● PROBLEM DETAILS:
Quote all lines below exactly. Images stay out.

* * * *

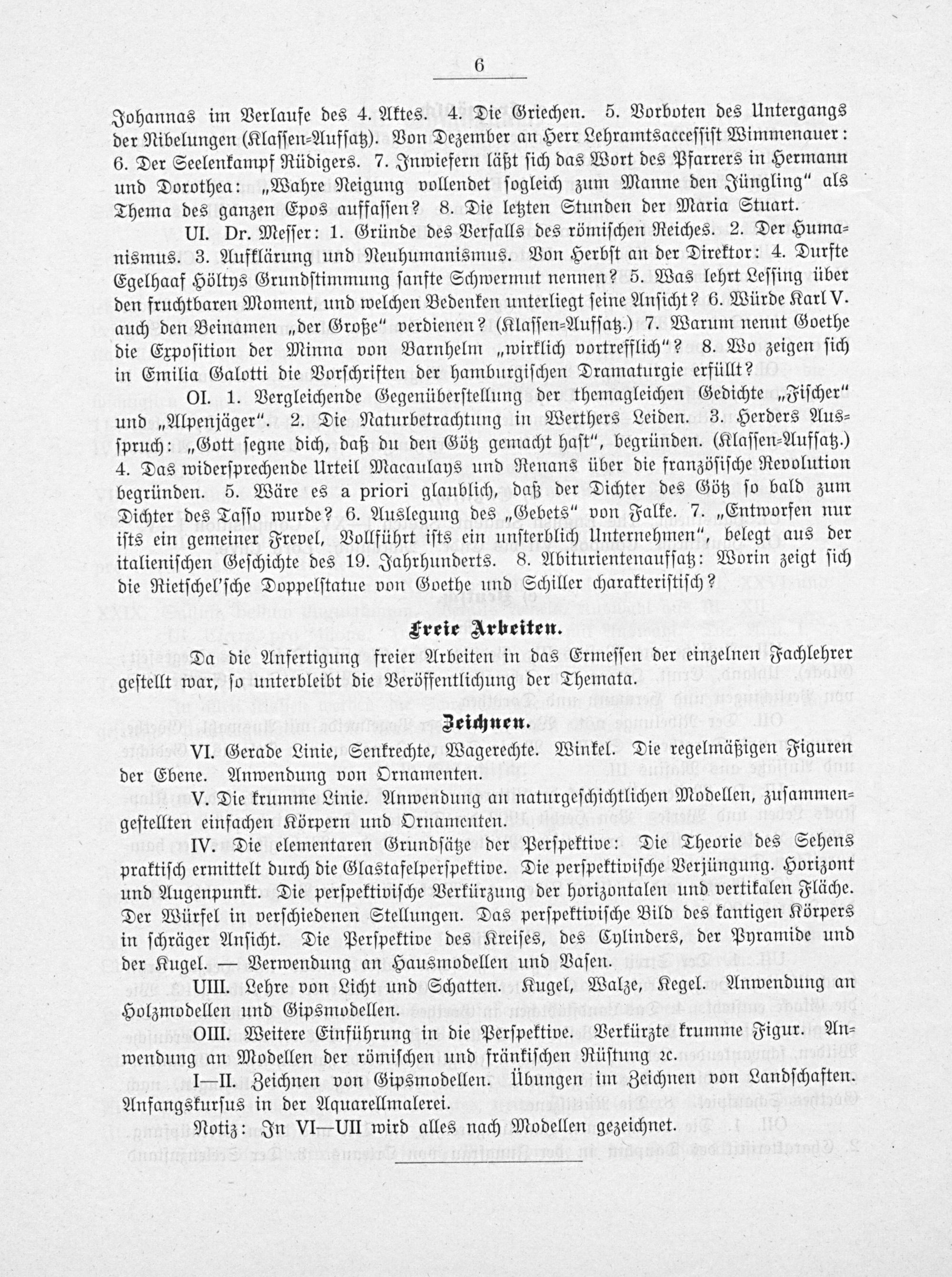 Da die Anfertigung freier Arbeiten in das Ermeſſen der einzelnen Fachlehrer geſtellt war, ſo unterbleibt die Veröffentlichung der Themata.
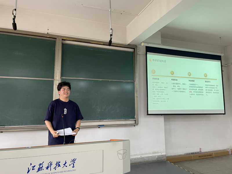 活动邀请了两位2021级计算机科学与技术专业的优秀学子进行经验分享。韩炜同学以优异成绩考入河海大学,他围绕“全面了解考研及建议”主题,详细介绍了考研的基本信息、初试与复试的备考策略,并强调了大一大二阶段打好基础的重要性。他建议同学们注重通识课程和专业课程的学习,积极参与学科竞赛,提升综合素质。雷梓翊同学则分享了考入西安电子科技大学的经历,重点讲解了择校方法、复习规划及时间管理技巧。他特别提醒同学们要根据自身情况制定合理的学习计划,并坚持到底。
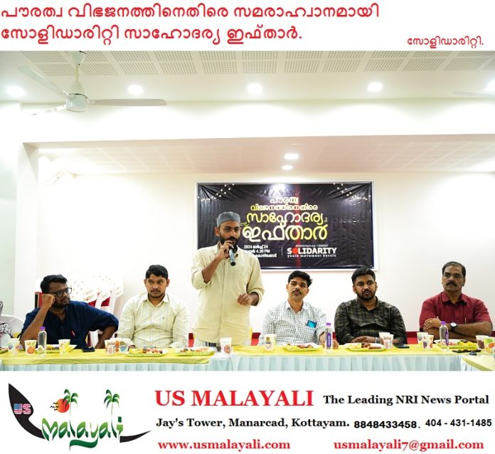കോഴിക്കോട്: പൗരത്വ വിഭജനത്തിനെതിരെ സമരാഹ്വാനവുമായി സോളിഡാരിറ്റി യൂത്ത്മൂവ്മെന്റ് സംഘടിപ്പിച്ച സാഹോദര്യ ഇഫ്താർ. വിവിധ രാഷ്ട്രീയ-മത-സാംസ്കാരിക- കലാ മേഖലകളിൽനിന്നുളള പ്രഗദ്ഭർ പങ്കെടുത്തു. ഇന്ത്യ എന്ന ആശയം നിലനിൽക്കണോ എന്ന ചോദ്യത്തെ അഭിമുഖീകരിക്കുന്ന സന്ദർഭത്തിൽ കൂടുതൽ ജാഗ്രതയോടെ നാം നിലകൊള്ളണമെന്ന് സംഗമം ആഹ്വാനം ചെയ്തു. ഡോ. പി.കെ. സാദിഖ് വിഷയം അവതരിപ്പിച്ച് സംസാരിച്ചു. സോളിഡാരിറ്റി സംസ്ഥാന പ്രസിഡന്റ് സി.ടി. സുഹൈബ് അധ്യക്ഷത വഹിച്ചു. സംസ്ഥാന ജനറൽ സെക്രട്ടറി തൗഫീഖ് മമ്പാട് ആമുഖ ഭാഷണം നടത്തി. യൂത്ത് ലീഗ് സംസ്ഥാന വൈസ് പ്രസിഡന്റ് മുജീബ് കാടേരി, ഐ.എസ്.എം സംസ്ഥാന പ്രസിഡന്റ് സഹൽ മുട്ടിൽ, ഫ്രറ്റേണിറ്റി സംസ്ഥാന പ്രസിഡന്റ് ഷെഫ്രിൻ കെ.എം, ഐ.എസ്.എം സംസ്ഥാന ട്രഷറർ കെ.എം.എ. അസീസ്, എം.ഇ.എസ് യൂത്ത് വിങ് സംസ്ഥാന പ്രസിഡന്റ് ശാഫി, എൻ.വൈ.എൽ സംസ്ഥാന വൈസ് പ്രസിഡന്റ് അശ്റഫ് പുതുമ, ശബാബ് എഡിറ്റർ സുഫ്യാൻ അബ്ദുസ്സത്താർ, എൻ.വൈ.എൽ (വഹാബ് വിഭാഗം) സംസ്ഥാന ജനറൽ സെക്രട്ടറി ഒ.പി. റഷീദ്, കെ.എൽ.സി.എ സംസ്ഥാന വൈസ് പ്രസിഡന്റ് ബിനു എഡ്വേർഡ്, സംവിധായകൻ അരുൺ രാജ്, പ്രഭാഷകനും എഴുത്തുകാരനുമായ റിയാസ് ഗസാലി, അംബിക മറുവാക്ക്, വിമൺ ജസ്റ്റിസ് മൂവ്മെന്റ് സംസ്ഥാന ജനറൽ സെക്രട്ടറി ഫസ്ന മിയാൻ, മാധ്യമ പ്രവർത്തകൻ സിദ്ധീഖ് കാപ്പൻ, ഭാര്യ റൈഹാന കപ്പൻ, ഗവേഷക വിദ്യാർഥി സീന പനോലി, മുഹമ്മദ് അസ്ലം, സംവിധായകൻ ഹർഷദ്, സാമൂഹ്യ പ്രവർത്തകൻ ഇർഷാദ് മൊറയൂർ, ജംഷീദ് പള്ളിപ്രം, എഴുത്തുകാരനും സാമൂഹ്യ പ്രവർത്തകനുമായ കെ.കെ. ബാബുരാജ്, അദർ ബുക്സ് മാനേജിങ് എഡിറ്റർ ഔസാഫ് അഹ്സൻ, വിസ്ഡം യൂത്ത് സംസ്ഥാന സമിതി അംഗം അജ്മൽ സി, എഴുത്തുകാരൻ മമ്മൂട്ടി അഞ്ചുകുന്ന്, മാധ്യമ പ്രവർത്തകൻ ബാബുരാജ് ഭഗവതി, മുഫ്തി അമീൻ മാഹി, എഴുത്തുകാരായ റഷീദ് മക്കട, ബഷീർ തൃപ്പനച്ചി, എഴുത്തുകാരൻ ഡോ. കെ. ജയസൂര്യ എന്നിവർ സംസാരിച്ചു.
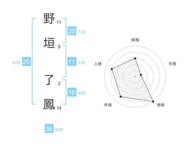 野垣 了鳳さんを姓名の画数から五運を鑑定
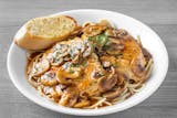 Scaloppini chicken sautéed with mushrooms and Marsala. Served over pasta. Served with a slice of garlic toast.
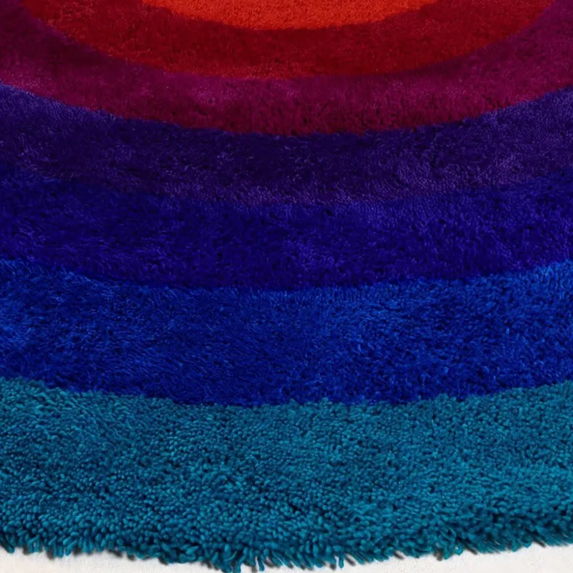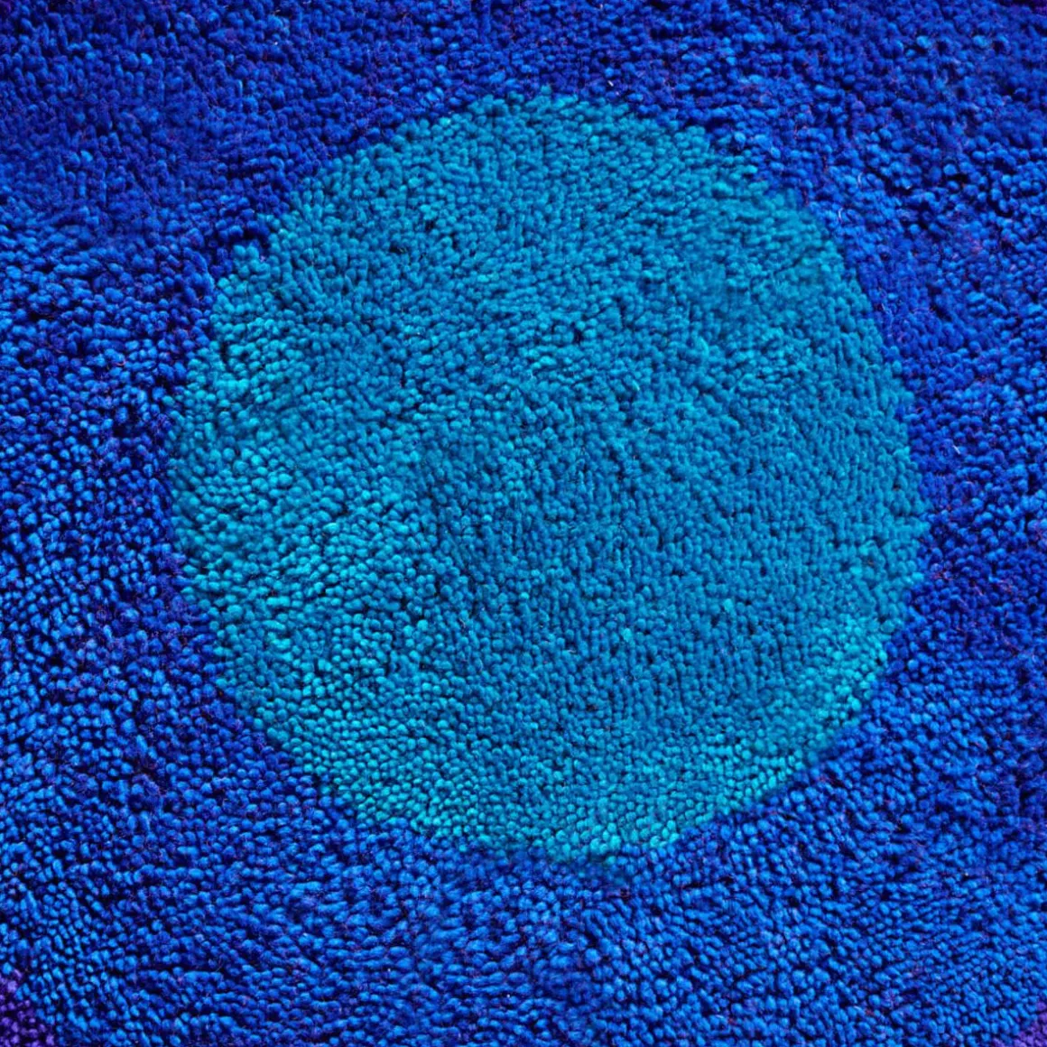 VP Romantica Circle de Amini par Verner Panton. La couleur est forme et la forme est couleur dans cette collection qui propose six tapis basés sur la série de couleurs de Panton et les géométries pures du cercle, du carré et de la vague. Les tapis Romatica sont noués à la main avec un poil long et légèrement hirsute en utilisant de la laine néo-zélandaise de première qualité. Les tapis carrés et ronds, avec un motif de cadres concentriques, sont également disponibles dans la variante avec la série de couleurs inversées. Les tapis à vagues, en deux formats, se distinguent par un fond violet.
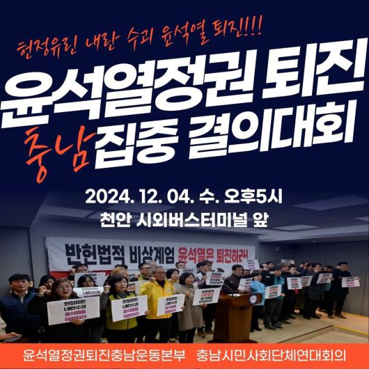 윤석열정권퇴진충남운동본부와 충남시민사회단체연대회의는 4일 오후 5시 천안 시외버스터미널 앞에서 ‘헌정유린 내란 수괴 윤석열 정권 퇴진 충남 집중 결의대회’를 개최한다.
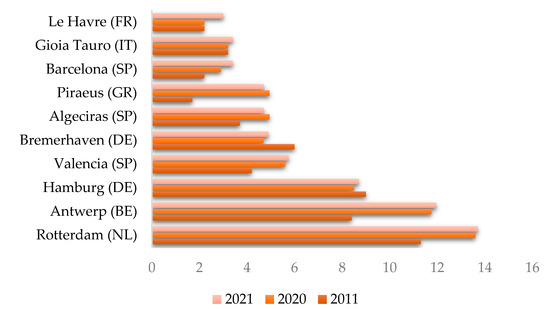 Top 10 EU ports handling containers in 2011, 2020, and 2021. Note: million TEUs; twenty-foot equivalent unit, unit of volume equivalent to a 20-foot ISO container [25].
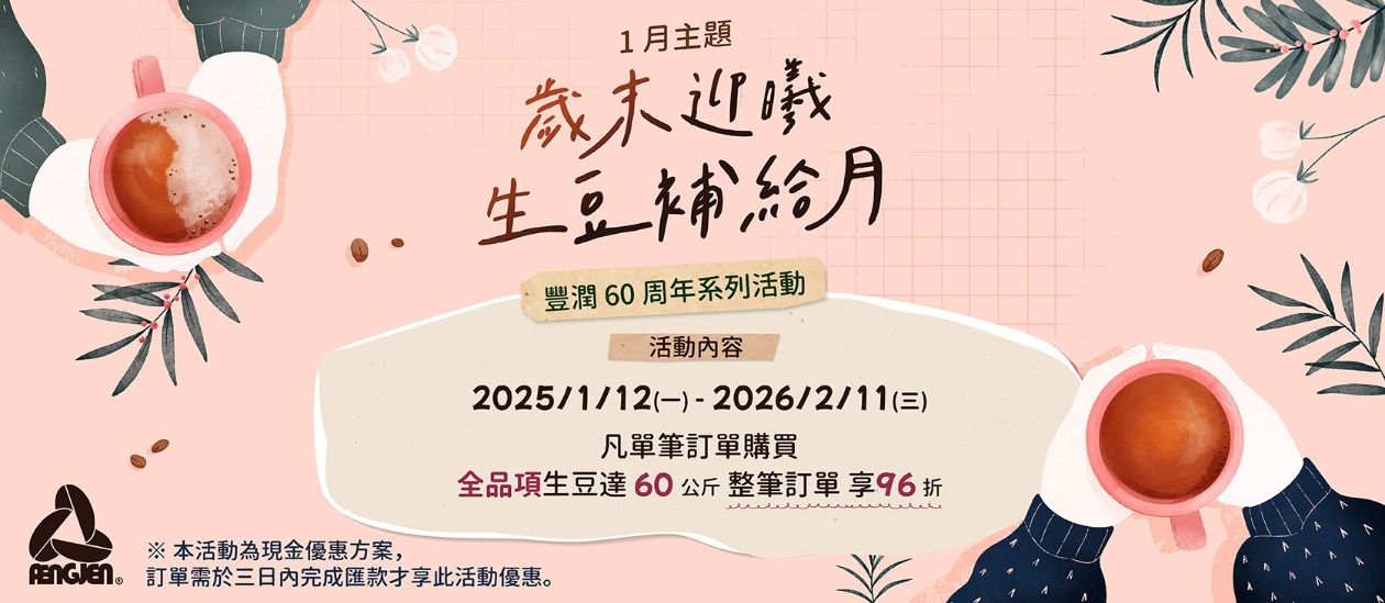 📍主題生豆滿60公斤享整筆訂單96折

* * * *

● REPLY:
 Da die Anfertigung freier Arbeiten in das Ermeſſen der einzelnen Fachlehrer geſtellt war, ſo unterbleibt die Veröffentlichung der Themata.
 活动邀请了两位2021级计算机科学与技术专业的优秀学子进行经验分享。韩炜同学以优异成绩考入河海大学,他围绕“全面了解考研及建议”主题,详细介绍了考研的基本信息、初试与复试的备考策略,并强调了大一大二阶段打好基础的重要性。他建议同学们注重通识课程和专业课程的学习,积极参与学科竞赛,提升综合素质。雷梓翊同学则分享了考入西安电子科技大学的经历,重点讲解了择校方法、复习规划及时间管理技巧。他特别提醒同学们要根据自身情况制定合理的学习计划,并坚持到底。
കോഴിക്കോട്: പൗരത്വ വിഭജനത്തിനെതിരെ സമരാഹ്വാനവുമായി സോളിഡാരിറ്റി യൂത്ത്മൂവ്മെന്റ് സംഘടിപ്പിച്ച സാഹോദര്യ ഇഫ്താർ. വിവിധ രാഷ്ട്രീയ-മത-സാംസ്കാരിക- കലാ മേഖലകളിൽനിന്നുളള പ്രഗദ്ഭർ പങ്കെടുത്തു. ഇന്ത്യ എന്ന ആശയം നിലനിൽക്കണോ എന്ന ചോദ്യത്തെ അഭിമുഖീകരിക്കുന്ന സന്ദർഭത്തിൽ കൂടുതൽ ജാഗ്രതയോടെ നാം നിലകൊള്ളണമെന്ന് സംഗമം ആഹ്വാനം ചെയ്തു. ഡോ. പി.കെ. സാദിഖ് വിഷയം അവതരിപ്പിച്ച് സംസാരിച്ചു. സോളിഡാരിറ്റി സംസ്ഥാന പ്രസിഡന്റ് സി.ടി. സുഹൈബ് അധ്യക്ഷത വഹിച്ചു. സംസ്ഥാന ജനറൽ സെക്രട്ടറി തൗഫീഖ് മമ്പാട് ആമുഖ ഭാഷണം നടത്തി. യൂത്ത് ലീഗ് സംസ്ഥാന വൈസ് പ്രസിഡന്റ് മുജീബ് കാടേരി, ഐ.എസ്.എം സംസ്ഥാന പ്രസിഡന്റ് സഹൽ മുട്ടിൽ, ഫ്രറ്റേണിറ്റി സംസ്ഥാന പ്രസിഡന്റ് ഷെഫ്രിൻ കെ.എം, ഐ.എസ്.എം സംസ്ഥാന ട്രഷറർ കെ.എം.എ. അസീസ്, എം.ഇ.എസ് യൂത്ത് വിങ് സംസ്ഥാന പ്രസിഡന്റ് ശാഫി, എൻ.വൈ.എൽ സംസ്ഥാന വൈസ് പ്രസിഡന്റ് അശ്റഫ് പുതുമ, ശബാബ് എഡിറ്റർ സുഫ്യാൻ അബ്ദുസ്സത്താർ, എൻ.വൈ.എൽ (വഹാബ് വിഭാഗം) സംസ്ഥാന ജനറൽ സെക്രട്ടറി ഒ.പി. റഷീദ്, കെ.എൽ.സി.എ സംസ്ഥാന വൈസ് പ്രസിഡന്റ് ബിനു എഡ്വേർഡ്, സംവിധായകൻ അരുൺ രാജ്, പ്രഭാഷകനും എഴുത്തുകാരനുമായ റിയാസ് ഗസാലി, അംബിക മറുവാക്ക്, വിമൺ ജസ്റ്റിസ് മൂവ്മെന്റ് സംസ്ഥാന ജനറൽ സെക്രട്ടറി ഫസ്ന മിയാൻ, മാധ്യമ പ്രവർത്തകൻ സിദ്ധീഖ് കാപ്പൻ, ഭാര്യ റൈഹാന കപ്പൻ, ഗവേഷക വിദ്യാർഥി സീന പനോലി, മുഹമ്മദ് അസ്ലം, സംവിധായകൻ ഹർഷദ്, സാമൂഹ്യ പ്രവർത്തകൻ ഇർഷാദ് മൊറയൂർ, ജംഷീദ് പള്ളിപ്രം, എഴുത്തുകാരനും സാമൂഹ്യ പ്രവർത്തകനുമായ കെ.കെ. ബാബുരാജ്, അദർ ബുക്സ് മാനേജിങ് എഡിറ്റർ ഔസാഫ് അഹ്സൻ, വിസ്ഡം യൂത്ത് സംസ്ഥാന സമിതി അംഗം അജ്മൽ സി, എഴുത്തുകാരൻ മമ്മൂട്ടി അഞ്ചുകുന്ന്, മാധ്യമ പ്രവർത്തകൻ ബാബുരാജ് ഭഗവതി, മുഫ്തി അമീൻ മാഹി, എഴുത്തുകാരായ റഷീദ് മക്കട, ബഷീർ തൃപ്പനച്ചി, എഴുത്തുകാരൻ ഡോ. കെ. ജയസൂര്യ എന്നിവർ സംസാരിച്ചു.
 野垣 了鳳さんを姓名の画数から五運を鑑定
 Scaloppini chicken sautéed with mushrooms and Marsala. Served over pasta. Served with a slice of garlic toast.
 VP Romantica Circle de Amini par Verner Panton. La couleur est forme et la forme est couleur dans cette collection qui propose six tapis basés sur la série de couleurs de Panton et les géométries pures du cercle, du carré et de la vague. Les tapis Romatica sont noués à la main avec un poil long et légèrement hirsute en utilisant de la laine néo-zélandaise de première qualité. Les tapis carrés et ronds, avec un motif de cadres concentriques, sont également disponibles dans la variante avec la série de couleurs inversées. Les tapis à vagues, en deux formats, se distinguent par un fond violet.
 윤석열정권퇴진충남운동본부와 충남시민사회단체연대회의는 4일 오후 5시 천안 시외버스터미널 앞에서 ‘헌정유린 내란 수괴 윤석열 정권 퇴진 충남 집중 결의대회’를 개최한다.
 Top 10 EU ports handling containers in 2011, 2020, and 2021. Note: million TEUs; twenty-foot equivalent unit, unit of volume equivalent to a 20-foot ISO container [25].
 📍主題生豆滿60公斤享整筆訂單96折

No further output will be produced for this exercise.